Snapshots of law, gender and sexuality news from the past couple of weeks.
The Debate on whether Women should be able to Freely Breastfeed in the UK
Chelsea Seals, University of Manchester
There has been uproar this December as a woman, Louise Burns, was asked to cover herself up with a napkin whilst breastfeeding in Claridge’s, London. A group of 25 mothers stood outside the five star hotel and breastfed in protest what they consider to be outrageous and ‘embarrassing’ behaviour by Claridge’s. The group ‘Free to Feed’ organised the demonstration. This is group who believe that women should have the right to breastfeed their child wherever, and whenever it is necessary. Emily Slough, the founder of the Free to Feed organisation started up the movement after she was called a ‘tramp’ for breastfeeding her chid in public. She made the comments ‘We are here to show Claridge’s they are not above the law. But they have said nothing to us, they are pretending we’re not here’. Slough continued, ‘Every time something like this happens, many women are put off for life from breastfeeding. We’re here to challenge that stigma and show women it’s normal and natural’. Claridge’s responded to this by saying that they support breastfeeding, however they would prefer it was done discretely.

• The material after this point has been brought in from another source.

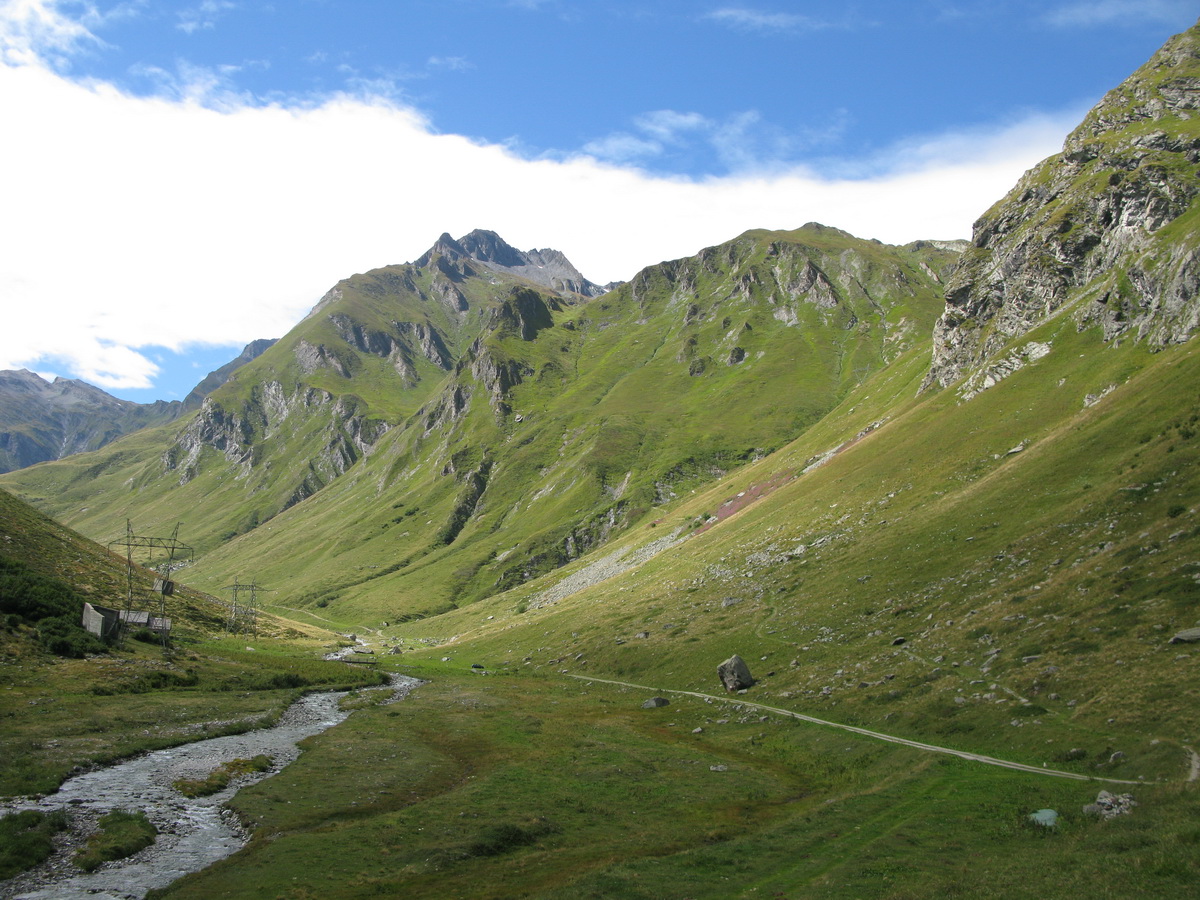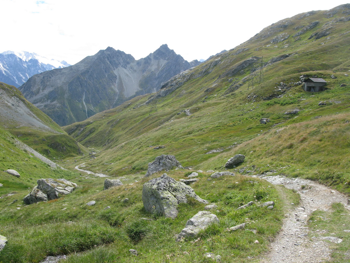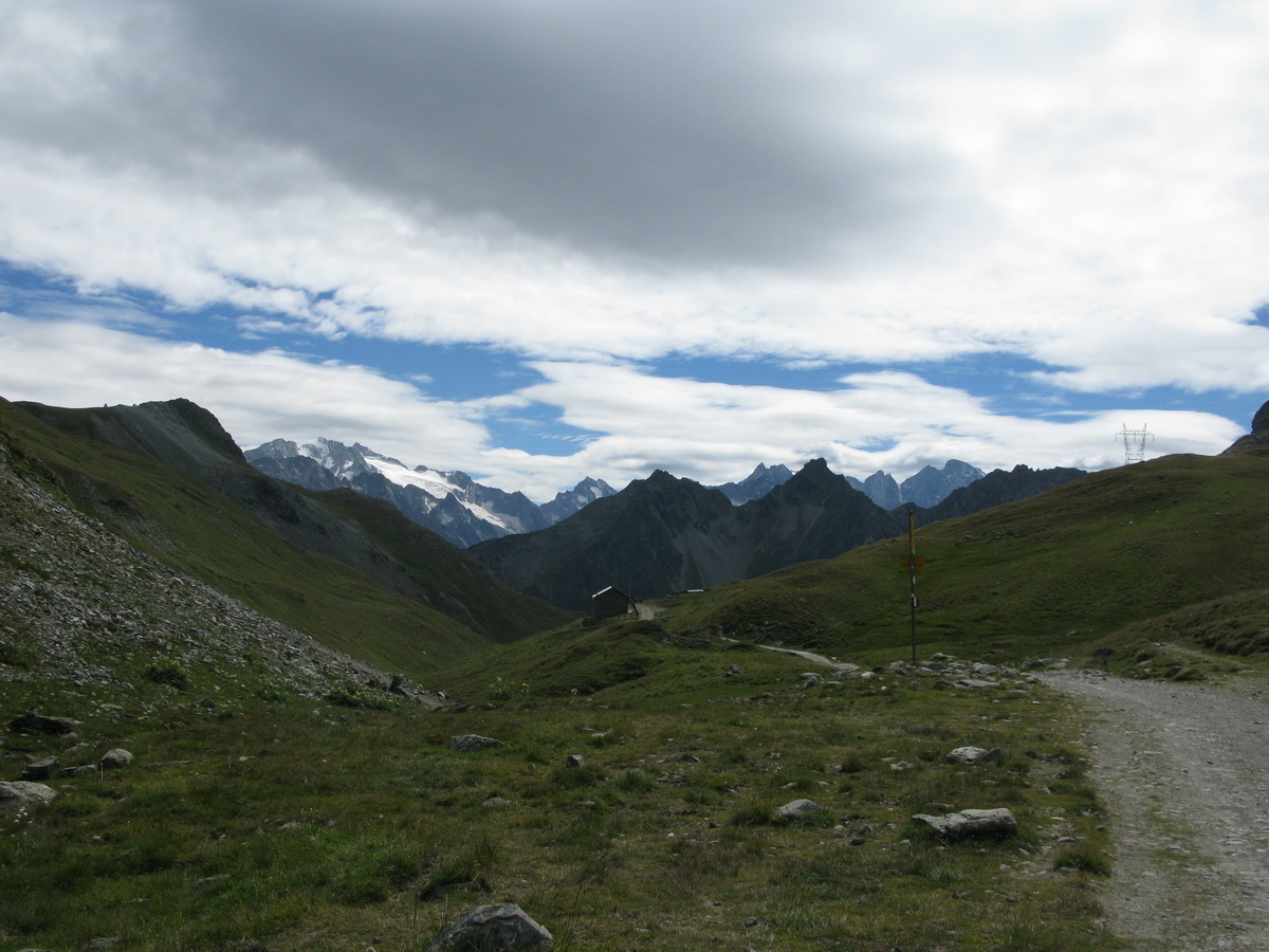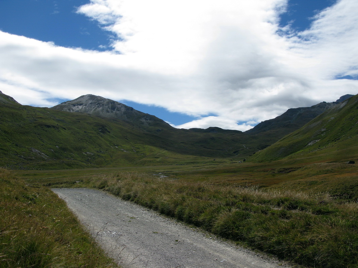 Auto som zaparkoval na prvom odpočívadle nad Silvaplanou. Takto som sa vyhol všetkým tým plateným parkoviskám v údolí. Po asfaltovej rozcvičke nasledoval asfaltový zjazd proti studenému vetru až po dedinku Bivio (1769m). Tu majú dokonca menšie lyžiarske stredisko, práve popod vleky začalo stúpanie na Septimer. Široká štrková cesta dokonale vyklčovanými pasienkami. Tento prechod cez hory používali už starí Rimania. Počas stúpania som rozmýšľal, či si dnes vôbec zajazdím. "Čo ak bude podobná cesta aj do druhej strany?!" obával som sa.

The Claridge’s debacle has raised the debate once again as to whether it is appropriate for women to breastfeed in public. Nigel Farage of UKIP commented that women should sit in corners to avoid offending people. However, while the display of breastfeeding is usually discreet in most cases anyway, when celebrities such as Rhianna and Miley Cyrus expose their breasts in public for ‘fashion’ or publicity reasons there is no outcry or offended people. It is hard to believe that many people would be offended at the natural use for female’s breasts which is to feed an infant. One woman carried a banner which read: ‘That’s what breasts are for, stupid.’ She added: ‘No-one has any problem with breasts when they’re displayed in a dress. Boobs are everywhere – people only object when they are used for their normal and natural purpose.’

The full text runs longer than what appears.